**Aim of the exercise**: Below, find the line containing "Columbus with the"; from there to the final line, print every line exactly and skip the pictures.

**Input for this task**:

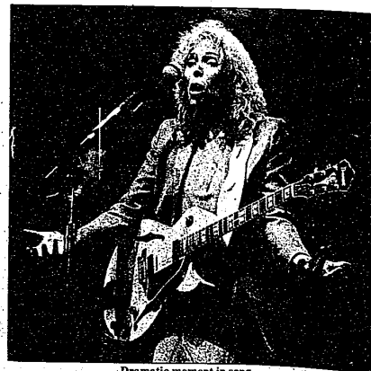
Dramatic moment in song.
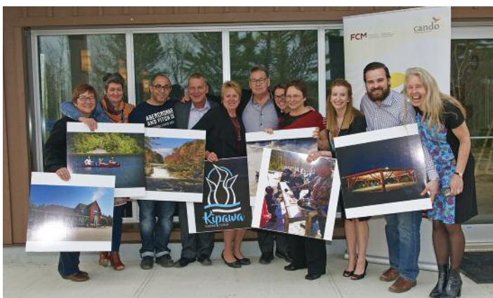
Mayors, Chief and Economic Development Officers celebrate the launch of their joint tourism products.

The last activity of the partnership under CEDI support took place in June 2015, but the tripartite collaboration continues to flourish and grow.
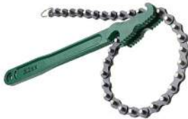
Code No. 690 FILTER WRENCH CHAIN TYPE
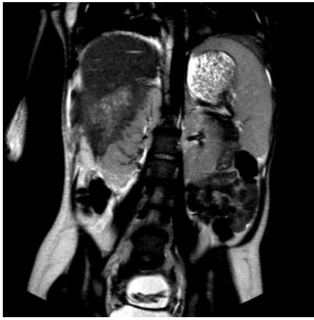
Figure 1. Non-contrast magnetic resonance imaging of abdomen and pelvis: heterogeneous mass 11.2×7.7 cm arising from right kidney extending to liver edge, splenomegaly with spleen measuring 15.2 cm and mild right hydronephrosis.

prior to presentation. Actinomyces has been associated with appendicitis in case reports and may have been the initial source of peri-nephric infection. 10-12 Splenomegaly, which was present in our case, and actinomycotic infection has been associated with splenic rupture. 13 Dental caries may be a possible source of spread to perinephric structures, 14 however our patient had no known dental disease.
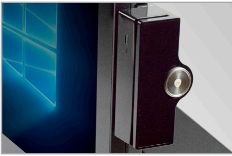
Magnetic card reader with i-button optional
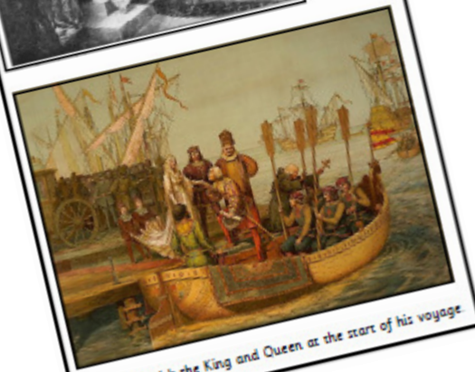
Columbus with the King and Queen at the start of his voyage.
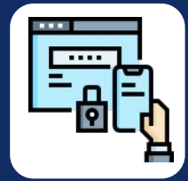
Multimodal Authentication & Access
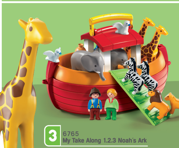
3 6765 My Take Along 1.2.3 Noah's Ark
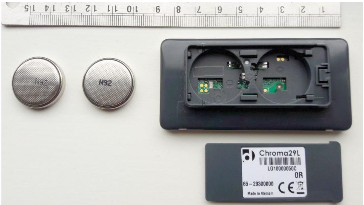
Battery Cover and 2 x CR2450 coin cells removed
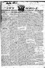
The United States of America to the State of Georgia, The Cherokee Phoenix, 17 December 1831, pg 1, Presented Online by the Digital Library of Georgia
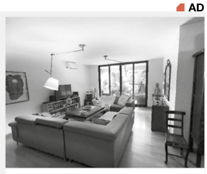
Jade Garden HKD 13,988,000 4 beds 3 bath
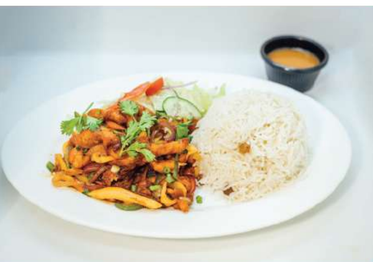
Chicken stir fry 980/- Julienne of chicken sauted with vegetables
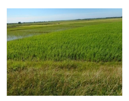
56. Mai dubli (paddy field)
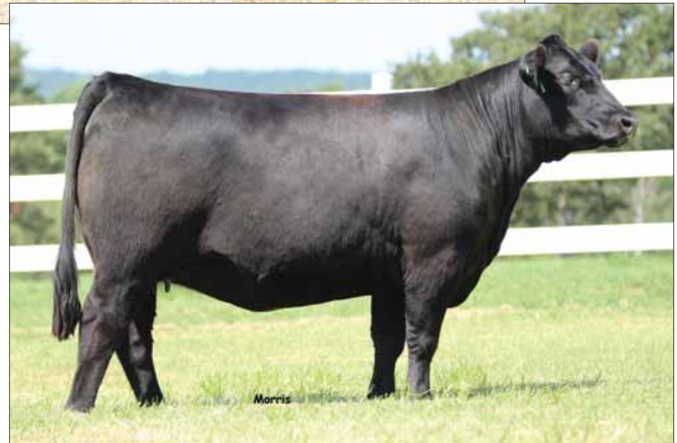
Dam, PBRS 5136C ET

— TMCK DURHAM WHEAT 6030X DHVO DEUCE 132R RIVERSTONE CROWN ROYAL MAGS STRAWBERRY PIE — HSF YOUR FANTASY MAGS WAR ADMIRAL HSF TINKERBELL — MAGS ANCHOR LH WAR HERO 195W PBRS 5136C ET MGS XIPHOPAGOUS — BUF EPPIONIA 7307 S A V 8180 TRAVELER 004 SITZ EPPIONIA 534
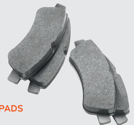
BRAKE PADS FRONT RENAULT CLIO II (1998-2005)
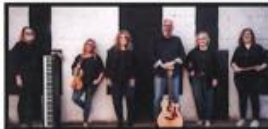
SaltLight Waverly, IA
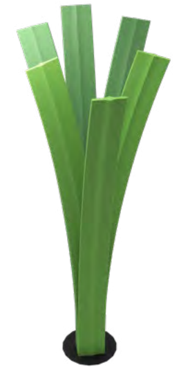
Our high performance and economical monofilament yarn for contact sports.
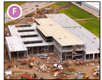
Area 9 - Gerry Wright OMF-B
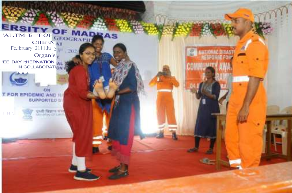
NDRF Person training Participants

NDRF Demonstration Session for Awareness for Disaster Management
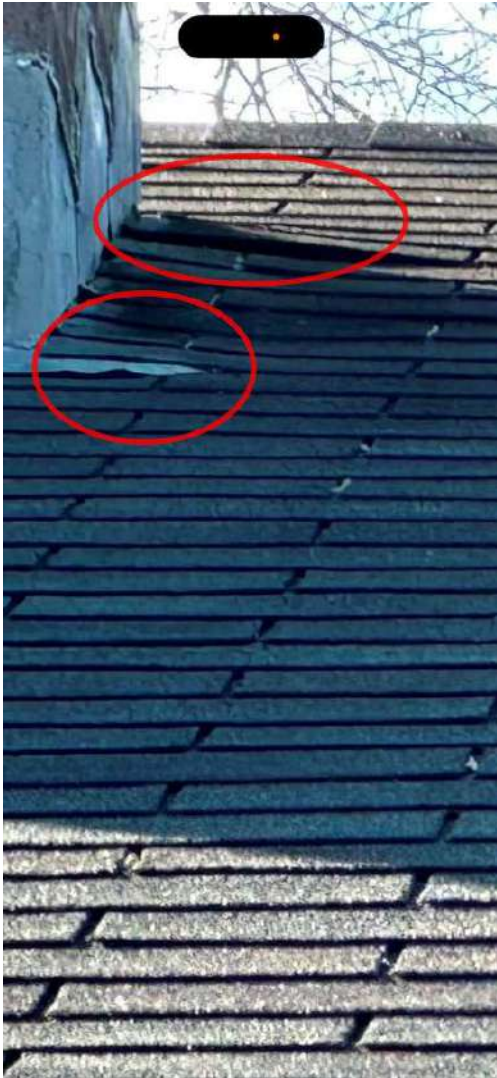
6 6-IMG_0821 Damaged Shingles

**Solution to the problem**:
Columbus with the King and Queen at the start of his voyage.
Multimodal Authentication & Access
3 6765 My Take Along 1.2.3 Noah's Ark
Battery Cover and 2 x CR2450 coin cells removed
The United States of America to the State of Georgia, The Cherokee Phoenix, 17 December 1831, pg 1, Presented Online by the Digital Library of Georgia
Jade Garden HKD 13,988,000 4 beds 3 bath
Chicken stir fry 980/- Julienne of chicken sauted with vegetables
56. Mai dubli (paddy field)
Dam, PBRS 5136C ET

— TMCK DURHAM WHEAT 6030X DHVO DEUCE 132R RIVERSTONE CROWN ROYAL MAGS STRAWBERRY PIE — HSF YOUR FANTASY MAGS WAR ADMIRAL HSF TINKERBELL — MAGS ANCHOR LH WAR HERO 195W PBRS 5136C ET MGS XIPHOPAGOUS — BUF EPPIONIA 7307 S A V 8180 TRAVELER 004 SITZ EPPIONIA 534
BRAKE PADS FRONT RENAULT CLIO II (1998-2005)
SaltLight Waverly, IA
Our high performance and economical monofilament yarn for contact sports.
Area 9 - Gerry Wright OMF-B
NDRF Person training Participants

NDRF Demonstration Session for Awareness for Disaster Management
6 6-IMG_0821 Damaged Shingles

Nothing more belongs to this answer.